In this case, respondent's complaint requested statutory damages. Unlike claims for injunctive relief challenging ongoing conduct, a claim for damages cannot evade review; it remains live until it is settled, judicially resolved, or barred by a statute of limitations. Nor can a defendant's attempt to obtain settlement insulate such a claim from review, for a full settlement offer addresses plaintiff's alleged harm by making the plaintiff whole. While settlement may have the collateral effect of foreclosing unjoined claimants from having their rights vindicated in respondent's suit, such putative plaintiffs remain free to vindicate their rights in their own suits. They are no less able to have their claims settled or adjudicated following respondent's suit than if her suit had never been filed at all.

C

Finally, respondent argues that the purposes served by the FLSA's collective-action provisions — for example, efficient resolution of common claims and lower individual costs associated with litigation — would be frustrated by defendants' use of Rule 68 to "pick off" named plaintiffs before the collective-action process has run its course. Both respondent and the Court of Appeals purported to find support for this position in our decision in Roper, 445 U.S., at 339, 100 S.Ct. 1166.

In Roper, the named plaintiffs' individual claims became moot after the District Court denied their motion for class certification under Rule 23 and subsequently entered judgment in their favor, based on the defendant bank's offer of judgment for the maximum recoverable amount of damages, in addition to interest and court costs. Id., at 329-330, 100 S.Ct. 1166. The Court held that even though the District Court had entered judgment in the named plaintiffs' favor, they could nevertheless appeal the denial of their motion to certify the class. The Court found that, under the particular circumstances of that case, the named plaintiffs possessed an ongoing, personal economic stake in the substantive controversy — namely, to shift a portion of attorney's fees and expenses to successful class litigants.5 Id., at 332-334, and n. 6, 100 S.Ct. 1166. Only then, in dicta, did the Court underscore the importance of a district court's class certification decision and observe that allowing defendants to "`pic[k] off'" party plaintiffs before an affirmative ruling was achieved "would frustrate the objectives of class actions." Id., at 339, 100 S.Ct. 1166.
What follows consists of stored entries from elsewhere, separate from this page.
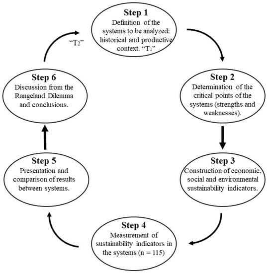 The study is structured as follows: after the introduction, the study context is presented, highlighting the transformations of the rangeland exploitation in the Brazilian Pampa biome, followed by the MESMIS operational cycle, which methodologically substantiates the research. “The MESMIS method was defined by Masera et al. [] as the procedure for evaluating the economic, social, and environmental sustainability of livestock systems in the biome. The choice is justified by the method’s capability to create and measure sustainability indicators using the participation of the local actors themselves, from an interdisciplinary perspective. Subsequently, the results are presented, based on the critical points and sustainability indicators measured in 115 cattle farms in the Brazilian Pampa. Finally, the results are discussed in order to substantiate and prove the existence of the rangeland dilemma. This approach also addresses the importance of this study in proposing public policies that allow for the sustainable exploitation of natural resources of this biome. Thus, the article contributes to scientific research by presenting an analysis method that can be tested in other contexts where the rangeland dilemma may need to be verified.
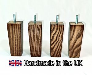 Solid Wood Furniture Legs – 12cm Height – M8 thread stud – Ash Wood – Stained finish – Supplied with Glides, M8 Washers and M8 T-Nuts
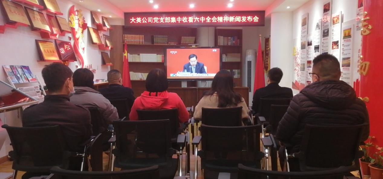 11月12日上午10時,中共中央在北京舉行新聞發(fā)布會,介紹黨的十九屆六中全會精神,并答記者問。川投水務(wù)大英公司黨支部積極組織廣大黨員干部,在五樓黨員活動室,集中收看新聞發(fā)布會現(xiàn)場直播,工作一線、外勤黨員,通過手機、電腦等多種形式,學習全會公報內(nèi)容,認真領(lǐng)會本次全會精神。
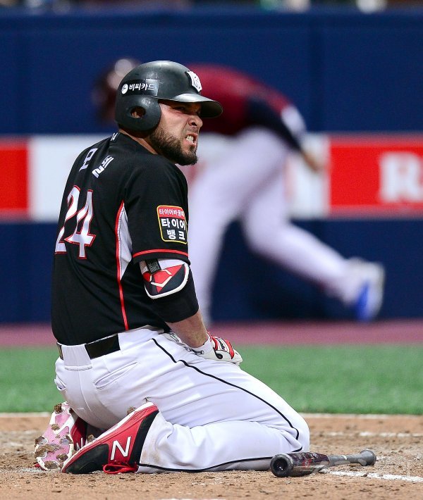 12일 서울 고척스카이돔에서 ‘2017 타이어뱅크 KBO 리그’ kt위즈와 넥센히어로즈의 경기가 열렸다. 7회초 2사 1,2루 kt 모넬이 데드볼을 맞고 고통스러워 하고 있다.

Roper's holding turned on a specific factual finding that the plaintiffs' possessed a continuing personal economic stake in the litigation, even after the defendants' offer of judgment. Id., at 336, 100 S.Ct. 1166. As already explained, here, respondent conceded that petitioners' offer "provided complete relief on her individual claims," Brief in Opposition i, and she failed to assert any continuing economic interest in shifting attorney's fees and costs to others. Moreover, Roper's dictum was tethered to the unique significance of certification decisions in class-action proceedings. 445 U.S., at 339, 100 S.Ct. 1166. Whatever significance "conditional certification" may have in § 216(b) proceedings, it is not tantamount to class certification under Rule 23.

* * *

The Court of Appeals concluded that respondent's individual claim became moot following petitioners' Rule 68 offer of judgment. We have assumed, without deciding, that this is correct.

Reaching the question on which we granted certiorari, we conclude that respondent has no personal interest in representing putative, unnamed claimants, nor any other continuing interest that would preserve her suit from mootness. Respondent's suit was, therefore, appropriately dismissed for lack of subject-matter jurisdiction.

The judgment of the Court of Appeals for the Third Circuit is reversed.

It is so ordered.

Justice KAGAN, with whom Justice GINSBURG, Justice BREYER, and Justice SOTOMAYOR join, dissenting.

The Court today resolves an imaginary question, based on a mistake the courts below made about this case and others like it. The issue here, the majority tells us, is whether a "`collective action'" brought under the Fair Labor Standards Act of 1938 (FLSA), 29 U.S.C. § 201 et seq., "is justiciable when the lone plaintiff's individual claim becomes moot." Ante, at 1526. Embedded within that question is a crucial premise: that the individual claim has become moot, as the lower courts held and the majority assumes without deciding. But what if that premise is bogus? What if the plaintiff's individual claim here never became moot? And what if, in addition, no similar claim for damages will ever become moot? In that event, the majority's decision — founded as it is on an unfounded assumption — would have no real-world meaning or application. The decision would turn out to be the most one-off of one-offs, explaining only what (the majority thinks) should happen to a proposed collective FLSA action when something that in fact never happens to an individual FLSA claim is errantly thought to have done so. That is the case here, for reasons I'll describe. Feel free to relegate the majority's decision to the furthest reaches of your mind: The situation it addresses should never again arise.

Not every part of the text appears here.